The first is a kubernetes standard component; the metrics-server.

It only implements the resource metrics api, and thus only enables you scale on cpu and memory.

It extracts cpu/memory values values via kubelet, and as such allows kubectl top + HPAs to work out of the box - without prometheus or any of the other components visualised herein. It's even installed on k3d by default.

prometheus-adapter

This adapter funnels metrics from prometheus into the HPA universe, so you can scale on arbitrary metrics.

It implements the resource metrics, custom metrics, and external metrics APIs. The underlying setup for this has stable docs from k8s 1.23, and in essence this allows you to scale on custom metrics (related to the scaling object) or external metrics (unrelated to the scaling object).

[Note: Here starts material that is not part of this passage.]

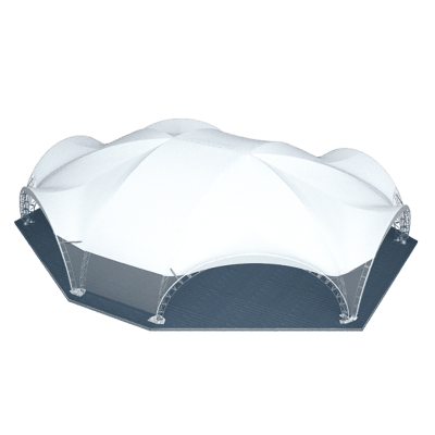 Model stanu Membrane nabízí individuální a nekonvenční design, který upoutá pozornost. Jeho kupolovitý tvar a moderní styl na návštěvníky zapůsobí. S robustním ocelovým rámem a vysoce pevným materiálem poskytuje stabilitu a ochranu před živly. Membrána je vhodná do různých prostředí, od volnočasových oblastí až po párty, kavárny a sportovní pavilony. Představuje výjimečnou řemeslnou zručnost, odolnost a podmanivou estetiku a vytváří prohlášení, které u vašeho publika rezonuje.

The syntax needed for this component definitely leaves a lot to be desired. The only way we have managed to get somewhere with this is with principal engineers and a lot of trial and error. Thankfully, there are some helpful resources, this is still not easy.

The repository for prometheus-adapter is also not receiving a whole of attention: almost half of their closed issues looks like they were closed by kubernetes org's auto-closer bot. You can say many sensible things about this closing practice - on the importance of funding and triagers for open source software - but it ultimately sends a message:

It does have its own prometheus-community maintained chart, which is of high quality, but you will need to figure out the templated promql yourself.

Without having much experience with KEDA, I would recommend looking into using KEDA's prometheus scaler directly instead of using the arcane template magic from prometheus-adapter.

Happy new year

That's all I can bring myself to write about this archeticture for now. It took longer than I anticipated, so hopefully this was useful to someone. Regardless, best of luck maintaining prometheus in 2022.